At long last, the Times comes clean: Sometimes, you just have to chuckle when you read the New York Times.

This morning, we get a trend story on the front page. Julie Bosman has a hot scoop: We the people can no longer focus!
BOSMAN (3/5/12): Can you concentrate on Flaubert when Facebook is only a swipe away, or give your true devotion to Mr. Darcy while Twitter beckons?

People who read e-books on tablets like the iPad are realizing that while a book in print or on a black-and-white Kindle is straightforward and immersive, a tablet offers a menu of distractions that can fragment the reading experience, or stop it in its tracks.

E-mail lurks tantalizingly within reach. Looking up a tricky word or unknown fact in the book is easily accomplished through a quick Google search. And if a book starts to drag, giving up on it to stream a movie over Netflix or scroll through your Twitter feed is only a few taps away.

That adds up to a reading experience that is more like a 21st-century cacophony than a traditional solitary activity. And some of the millions of consumers who have bought tablets and sampled e-books on apps from Amazon, Apple and Barnes & Noble have come away with a conclusion: It’s harder than ever to sit down and focus on reading.
It’s harder than ever to sit down and focus! As readers of the New York Times, we’ll have to admit that we’ve noticed!

Bosman offers little real evidence in support of her thesis. Because we read the Times every day, we can’t help wondering if this front-page report isn’t really a confession—a confession by this sorry newspaper’s extremely flighty staff.

At the New York Times, reporters can’t focus! They also can’t seem to construct a graphic, a basic point we noticed again last week.

Uh-oh! Last Monday, Jackie Calmes authored a long front-page report about Obama’s treatment of debt and deficits. Inside the paper, her report was accompanied by a large graphic. The graphic purported to show the relative size of four well-known deficit-reduction plans.

If you look at the headlined numbers on the graphic, you get the clear impression that the Bowles-Simpson plan proposed slightly less deficit reduction than President Obama’s plan. Accordingto the headlined numbers, Bowles-Simpson proposed $4 trillion in deficit reduction; Obama's plan proposed $4.3 trillion.

Key point, although you’ll just have to trust us: The visual effect of those headlined numbers was much more striking in the hard-copy Times than in the on-line version of the graphic.
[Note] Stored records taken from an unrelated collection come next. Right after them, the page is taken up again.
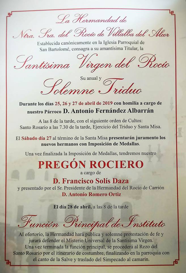 Hermandad de Villalba del Alcor – Solemne Triduo y Pregón a cargo de D. Francisco Solis Daza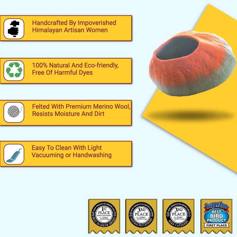 - STYLISH & SPACIOUS SANCTUARY - Our modern felted cat caves for indoor cats is handcrafted by hardworking women from the Himalayas of Nepal using beautiful soft merino wool, the covered cat bed offers a great decorative element to a home while still being a soft warming hideout for your kitty to snuggle in or play on top of.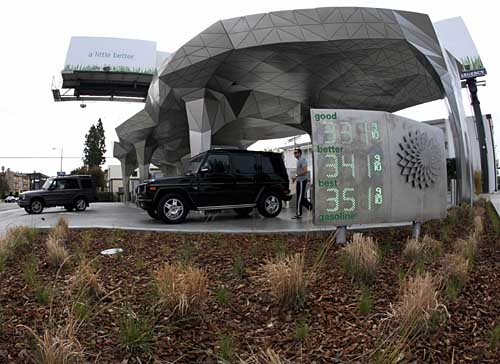22日,顧客們在美國洛杉磯一家加油站內(nèi)為汽車加油。這座英國石油公司經(jīng)營的加油站采用了一系列的環(huán)保措施,包括使用90塊太陽能板獲取能源、用不銹鋼的頂棚收集雨水灌溉植被、使用低耗能的照明系統(tǒng)并向顧客發(fā)放用再生紙制作的節(jié)能宣傳卡片等措施。

If you go by the headlined numbers, it looks like Obama proposed slightly more deficit reduction than Bowles-Simpson. But good lord! This is what you’re told if you read the tiny small print down below:
NEW YORK TIMES SMALL TINY PRINT (2/27/12): The savings claimed for each plan are not directly comparable since they do not all use the same budget baseline, but make different assumptions about the future of some current policies. Using the same baseline, Bowles-Simpson would save $6.5 trillion to Mr. Obama’s $4.3 trillion.
Good lord. Sometimes you just have to throw up your hands at this newspaper’s sweeping incompetence.

Julie Bosman has finally confessed. These people can no longer focus!

Let’s restate that key point: The headlined numbers were very dominant in the graphic which appeared in the hard-copy Times. They clearly suggested that Obama’s plan proposed more deficit reduction than Bowles-Simpson.

If you bothered to read the small tiny print, you saw that was massively wrong.

Why would anyone construct a graphic that way? Until we read Bosman’s courageous confession, we had no real idea.


  1. The New York Times can't help it. They only hire Ivy League and elite Tier I research university educated, connected young white people these days, like the Parkers and Barbaros.

    These young people, like their longstanding reporters, are innumerate. They have no sense of the world outside their narrow social, class and racial spheres.

    Many of them are also pretty worried about appearing too tough on conservatives or getting on the bad side of the Democratic Party.

    They are little better than the guest bloggers that Huffington Post or the Daily Beast hires, except that they have far more high profile gigs. You see them on TV, on so many popular major websites, filling the screens of the New Republic and Slate.

    They like to hear what each other has to say. They also are pretty attentive to the billionaires. The rest of us they couldn't give a fig about. About time we all came to realize that and adapted accordingly.

  2. Private organizations, even small ones, report this sort of projection better than the government does. A private organizaion would show:

    -- the actual total spending for the prior year,
    -- the projected total spending for the current year, and
    -- the projected total spending under the various proposals.

    Since a 10-year projection is so uncertain, they might show:
    -- shorter term projections.

    Or, they might show:

    -- 3 projections for each alternative, based on 3 different economic forecast possibilities.

    Without this sort of data, there is no way to understand just what, say, "$4 trillion in savings" or "$1.8 trillion in savings" really means.